In FIG. 1, a mode-locked laser or a semiconductor laser operating in a gain-switched state can be used as the optical pulse train generator 3.

As the optical modulators 48 to 4m, a directional coupler type optical switch, a Matsuha-Zehnder type optical switch, a light absorption type modulator, etc. can be used as those that are advantageous for high-speed operation.

According to the embodiment shown in FIG.
Since optical time division multiplexing can be performed using only one transmitter, the cost of the optical time division multiplexing transmitter can be reduced. Also, light (,
Since the source of No. 1 is single, the optical wavelength of each bit of the multiplexed optical signal is also the same, and even in long-distance optical fiber transmission, interference based on wavelength dispersion between each bit is eliminated. be.

FIG. 4 shows a second embodiment of the invention. The basic configuration is the same as that in FIG. 1, with an optical amplifier 10 inserted after the optical pulse train generator 3.

In the present invention, since the output of the optical pulse generator 3 is branched into m signals, each branch signal is attenuated. For example, considering the case of equal distribution, the branch No. 4d power will be 1/m or less.

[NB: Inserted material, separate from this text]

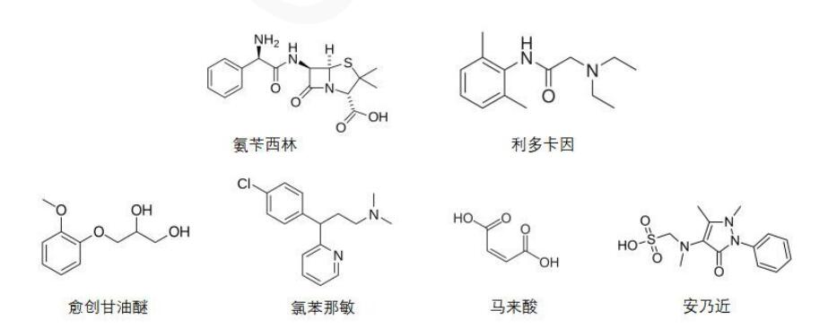 App ID: FLM-C240008 Comixsil RP-AX 同時分析鎮痛類藥物制劑安乃近、利多卡因、愈創甘油醚、馬來酸氯苯那敏、氨芐西林 色譜柱: Comixsil RP-AX 3μm 150*4.6mm(貨號:FMF-AXR3-EONU) 流動相: 時間 水 乙腈 200mM 甲酸銨(pH 3.4) 0 55 10 35 10 25 40 35 10.01 55 10 35 20 55 10 35 流速:1.0 mL/min 檢測波長:255nm 柱溫:25℃ 樣品濃度:N/A 進樣量:N/A 結構式:

Optical amplifier 10 can compensate for this attenuation. The optical amplifier 10 may be inserted at each preceding stage of the optical modulators 4a to 4m, that is, to each part of the optical fibers 68 to 6b.

Moreover, each subsequent stage of the optical modulators 4a to 4m, that is, each part of the optical fibers 78 to 7m may be used. Furthermore, optical coupler 5
It may be inserted after the .

〔Effect of the invention〕

Since the present invention is configured as described above, it has the effects described below.

Since optical time division multiplexing can be performed using only one optical pulse train generator, the cost of the optical time division multiplexing transmitter can be reduced. In addition, since the optical signal has a single source, the optical wavelength of each bit of the multiplexed optical signal is the same, and even in long-distance optical fiber transmission, interference due to chromatic dispersion between each bit is eliminated. . Furthermore, by adding an optical amplifier to the device used in this method, it is possible to compensate for the drop in power due to branching in the optical domain and achieve high output.

[Brief explanation of drawings]

FIG. 1 is a basic configuration diagram of an embodiment of the present invention, and FIG. 2 is a schematic diagram of No. 48 waveforms of various parts in the embodiment of the present invention.
FIG. 3 is a block diagram of a conventional example, and FIG. 4 is a block diagram of a second embodiment of the present invention. 1... Clock signal, 2a-2m... Data signal,
3゜38~3m...Optical pulse train generator, 48~4m・
... Optical modulator, 5... Optical coupler. Circulation letter 5 Closing map sunny day part

Claims (1)

[Claims] 1. Consisting of an optical pulse train generator, an optical modulator, and an optical coupler, after splitting a repeated optical pulse train generated at a clock signal frequency in an optical domain, the optical signal is encoded by the optical modulator. An optical time division multiplexing method characterized in that data signals are multiplexed by the optical coupler. 2. The optical time division multiplexing system according to claim 1, wherein a mode-locked laser is used as the optical pulse train generator. 3. The optical time division multiplexing system according to claim 1, wherein a semiconductor laser operating in a gain-switched state is used as the optical pulse train generator. 4. The optical time division multiplexing system according to claim 1, further comprising an optical amplifier provided between the optical pulse train generator and the optical modulator. 5. The optical time division multiplexing system according to claim 1, further comprising an optical amplifier provided between the optical modulator and the optical coupler. 6. The optical time division multiplexing system according to claim 1, wherein an optical amplifier is provided at a stage subsequent to the optical coupler.